Зимний сезон в 1921 году в помещении «Палас-театра» мы открывали превосходно поставленной Марджановым опереттой Лео Фалля «Разведенная жена», которая стала в его руках мягкой лирической комедией.

Одновременно театр выпустил комическую оперу Николаи «Виндзорские проказницы» в постановке талантливого молодого режиссера Г.К. Крыжицкого. Позже Марджанов с ним вместе поставил «Периколу» Оффенбаха.

В это же время Марджанов открыл в первом этаже здания «Палас-театра» кабаре «Хромой Джо». После спектаклей оперетты Н.И. Тамара, Е.В. Лопухова и А.А. Орлов, А.Н. Феона и я играли в этом кабаре еженощно по нескольку ролей, а я еще, кроме того, и конферировал.

В 1933 году Марджанов ставил в Москве одновременно две постановки: в Малом театре — «Дон-Карлоса» Шиллера и в Московском театре оперетты — «Летучую мышь» Штрауса.
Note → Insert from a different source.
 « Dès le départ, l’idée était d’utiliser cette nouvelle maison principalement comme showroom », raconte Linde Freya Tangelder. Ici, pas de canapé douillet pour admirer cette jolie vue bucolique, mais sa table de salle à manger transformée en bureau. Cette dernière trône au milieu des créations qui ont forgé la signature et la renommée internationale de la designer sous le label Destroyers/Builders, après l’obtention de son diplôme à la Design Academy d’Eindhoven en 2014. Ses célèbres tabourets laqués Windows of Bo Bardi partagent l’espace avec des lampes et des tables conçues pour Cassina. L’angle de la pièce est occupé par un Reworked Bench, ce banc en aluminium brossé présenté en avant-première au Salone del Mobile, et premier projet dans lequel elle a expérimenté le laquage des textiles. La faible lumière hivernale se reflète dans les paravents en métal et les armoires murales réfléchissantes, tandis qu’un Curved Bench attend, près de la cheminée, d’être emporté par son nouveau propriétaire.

Для этой постановки он пригласил молодого режиссера С.Ф. Челидзе, художницу Е.Д. Ахвледиани и балетмейстера Д.Н. Мачавариани.
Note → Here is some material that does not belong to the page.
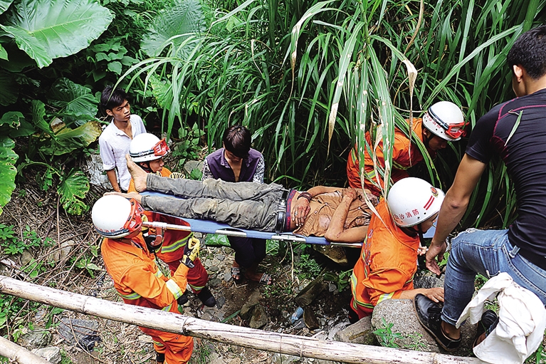 5分钟后,消防官兵赶到现场,发现有一名青年男子体表有明显外伤,意识清醒但无法动弹,头部受伤严重,其旁已有120救护车医生在为其安抚情绪。经过现场勘查与咨询医生意见,4名消防战士利用多功能担架在现场医生的指导下转移伤者,13时07分,伤者安全转移到救护车旁。

«Летучая мышь» — этот шедевр Штрауса — является родоначальницей венской танцевальной оперетты. У Марджанова уже во время увертюры сквозь прозрачный занавес были видны танцующие пары. Весь спектакль был пронизан танцевальностью, которую диктует зажигательная музыка Штрауса. Великолепно была поставлена песенка Альфреда в финале первого акта: он подвыпил, и ему чудится, что мебель танцует вальс… На сцене мебель неожиданно превращалась в танцоров и танцовщиц. Номер этот вызывал настоящую овацию… Эта сцена по пьесе идет в конце акта и, конечно, балетные артисты не могли стоять целый час в «позе» кресла, стула и дивана. Константин Александрович придумал такой выход из положения: перед номером неожиданно гас свет, действующие лица растерянно метались по сцене и говорили: «Опять забастовка на электрической станции!.. Когда же это кончится?» и т.д. Через минуту свет снова зажигался, но за эту минуту балетные артисты совершенно незаметно для зрителей подменяли собой мебель.

Марджанов успел поставить только первый акт и начать второй. Умер он скоропостижно, как будто бы шел человек и неожиданно упал…

Постановку закончили ученики и помощники этого замечательного режиссера. Помню, что третий акт шел под гомерический хохот; он был поставлен крайне просто, по завету Марджанова: «Здесь играют три комика. Надо убрать все, чтобы не помешать им свободно играть». Спектакль этот имел огромный успех и много лет не сходил с репертуара.

…За гробом Константина Александровича Марджанова шли актеры самых разнообразных жанров, считающие дни работы с ним одним из самых радостных, светлых и животворных периодов своей артистической жизни.